In this study, we performed different functionalization schemes on μm-sized biocompatible CMUTs demonstrating its potential to perform biodetection of specific proteins with accuracy and high sensitivity. In contrast to ELISA, for antigen detection assays, antigen capture alone is sufficient for detection, i.e. no labeling and secondary antibodies (for signal and amplification) are required. The antigen is introduced and applied as the final step of the assay onto the sensor chip. This means that the sensor chips can be pre-fabricated as singlestep kits, which is very cost-effective and time saving for research and diagnostic applications.
Furthermore, the size of the substrate is very small and the presented method only requires a minimal volume of 10 ul to cover the entire 16-sensor chip without. This contributes to an additional cost reduction by requiring fewer quantities of reagent materials.

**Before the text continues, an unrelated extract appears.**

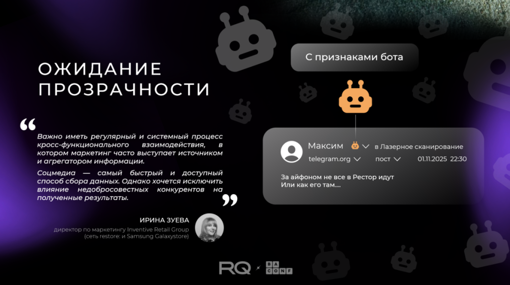 Но и здесь прогресс не стоит на месте: Brand Analytics уже внедряет алгоритмы распознавания ботов и маркировку подозрительных сообщений.

In our laboratory, CMUTs are being developed to be fully handheld units relying only on battery power or power via a USB connection from a laptop computer and being operated either as a stand-alone unit or via a computer interface. This will facilitate the use for diagnostic applications in medically underserved and hard-to-reach regions or for soldiers in the battle fields avoiding the need to ship samples to a central facility of laboratory for analysis.
With current progress underway, this technology may eventually be capable of exceeding the detection limits of ELISA even though as of today this novel detection method still has a lower sensitivity compared to ELISA. Despite this fact, it is already interesting for certain diagnostics applications, an analyte concentration in the range of 10 - 1,000 ng/ml in the blood of the patient is clinically relevant for a variety of disease markers (including TNF-α) and can be easily performed with this new technology. Additionally, some of the advantages mentioned above such as faster detection time, lower cost and the small amounts of materials required as well as its portability and ability for further miniaturization of this technology make CMUTs an interesting alternative for protein detection in a laboratory or medical setting.
This work was supported by Matrix Sensors Inc. The author would like to thanks Brandon Burbach, an undergraduate student for his ample assistance on interferometry.